We have long known that there is a critical period during a child’s development during which the brain is considerably more malleable than an adult’s brain. In other words, outside influences — both positive and negative — have a much greater impact on neuronal formation and function from gestation to the teenage years. Indeed, by the time you are two years old, almost all of the billions of brain cells that you will ever have exist in your head. With this in mind, recent research regarding the neurotoxic effects of environmental chemicals on children is especially alarming.
One study, published in The Lancet by Drs. Phillipe Grandjean and Philip J. Landrigan, analyze the detrimental impact of eleven common chemicals on the developing brain — something they have deemed a “silent pandemic.” These include:
- lead
- methylmercury
- polychlorinated biphenyls
- arsenic
- toluene
- manganese
- fluoride
- chlorpyrifos
- dichlorodiphenyltrichloroethane
- tetrachloroethylene
- polybrominated diphenyl ethers
These substances, found in both the environment and everyday items like furniture and clothing, are believed to cause not just lower IQs, but may also have a role in attention deficit hyperactivity disorder and autism spectrum disorder. You might be wondering what role genetics play in the development of neurobehavioral conditions. Experts believe that about 30 to 40 percent can be accounted for by genes alone, meaning the environment must make up the other part.
Many of the chemicals they listed as neurotoxic to children fall under the category of heavy metals. The mechanism by which heavy metals cause brain damage is multifaceted, as this working paper from the National Scientific Council on the Developing Child details. They include the “disruption of neural cell migration from one part of the brain to another, as well as the formation of synapses (i.e., connections among cells)” and can also “interfere with neurotransmitters, which are the natural body chemicals that carry signals from one cell to another.”

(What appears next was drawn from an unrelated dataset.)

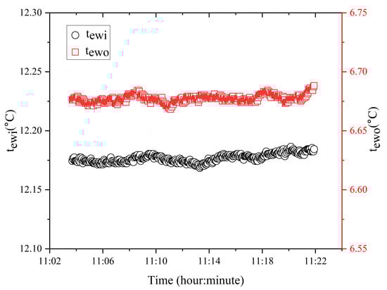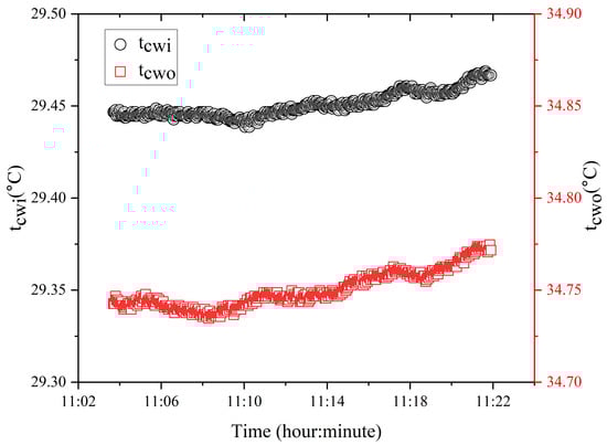 Figure 4 and Figure 5 show the raw data of inlet and outlet water temperature of evaporator and condenser under the condition of 700 RT and 581 kg charge (the full charge for the evaporator), respectively. It can be seen from the figures that when the working condition reaches a stable state, the inlet and outlet water temperatures of evaporator and condenser change very slightly, less than 0.05 °C. Similar results were obtained for other conditions.

Evidence also suggests that air pollution can be detrimental to young brains. One study measured the impact of prenatal exposure to airborne polcyclic aromatic hydrocarbons (PAHs). These are defined by the Agency for Toxic Substances and Disease Registry as “a group of over 100 different chemicals that are formed during the incomplete burning of coal, oil and gas, garbage, or other organic substances like tobacco or charbroiled meat.” The results found exposures in late pregnancy to high levels of PAHs predicted lower cognitive development at 3 years of age and lower IQ at 5 years.
The evidence shows that small things can make a big difference in two very important ways, the first of which is that the oft-repeated adage “the dose makes the poison” is not necessarily relevant when it comes to children. Dr. David Bellinger, a professor of neurology at Harvard Medical School, explains to The Atlantic, “Are the blood lead levels of contemporary humans generally below the threshold of toxicity? Let us hope so, but the conclusion that they are is based more on faith than on evidence.”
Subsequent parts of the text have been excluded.